**REQUIRED ACTION**
Verbatim copy without images: return all of the data as it stands.

**DATASET RECORDS**
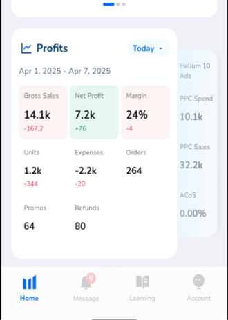 The Helium 10 Mobile App allows Amazon sellers to monitor business performance, advertising campaigns, product alerts, and account settings directly from their mobile devices. Available on both iOS and Android, the app provides real-time visibility into your Amazon business so you can make informed decisions anytime, anywhere.
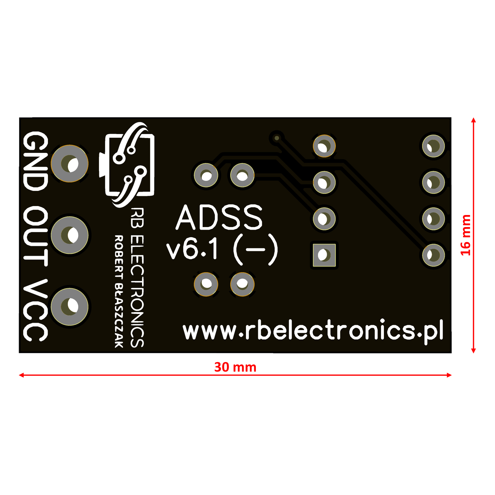 - Rozmiar: 30 mm x 16 mm x 10 mm.
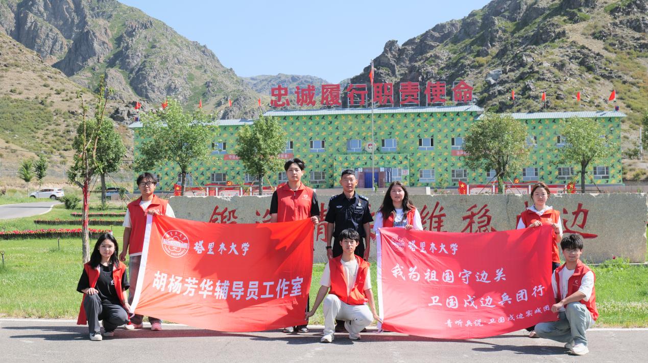 图为实践团成员在八十一团塔拉夏沟边境警务站与站长合影留念 (摄/李鑫)
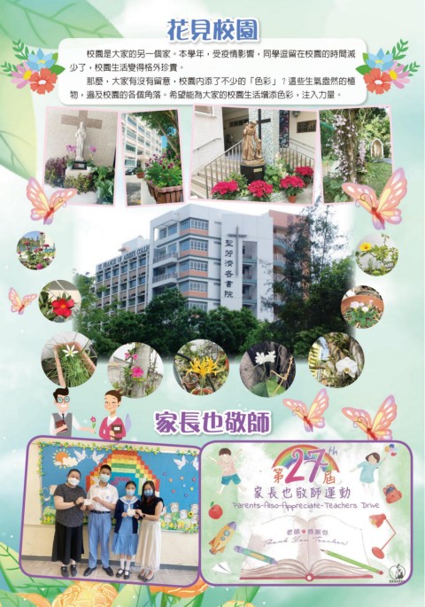 花見校園 校園是大家的另一個家。本學年,受疫情影響,同學逗留在校園的時間減 少了,校園生活變得格外珍貴。 那麼,大家有沒有留意,校園內添了不少的「色彩」?這些生氣盎然的植 物,遍及校園的各個角落。希望能為大家的校園生活增添色彩,注入力量。 家長也敬師
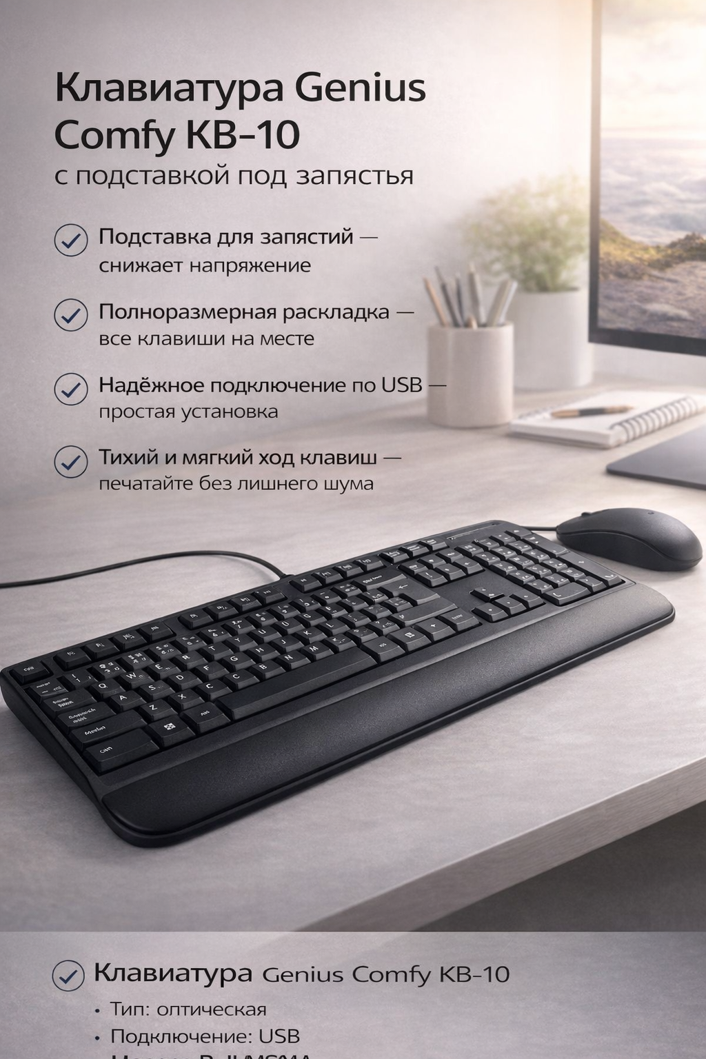 ✔ Подставка под запястья — снижает нагрузку и напряжение рук

**RESPONSE AREA**
 The Helium 10 Mobile App allows Amazon sellers to monitor business performance, advertising campaigns, product alerts, and account settings directly from their mobile devices. Available on both iOS and Android, the app provides real-time visibility into your Amazon business so you can make informed decisions anytime, anywhere.
 - Rozmiar: 30 mm x 16 mm x 10 mm.
 图为实践团成员在八十一团塔拉夏沟边境警务站与站长合影留念 (摄/李鑫)
 花見校園 校園是大家的另一個家。本學年,受疫情影響,同學逗留在校園的時間減 少了,校園生活變得格外珍貴。 那麼,大家有沒有留意,校園內添了不少的「色彩」?這些生氣盎然的植 物,遍及校園的各個角落。希望能為大家的校園生活增添色彩,注入力量。 家長也敬師
 ✔ Подставка под запястья — снижает нагрузку и напряжение рук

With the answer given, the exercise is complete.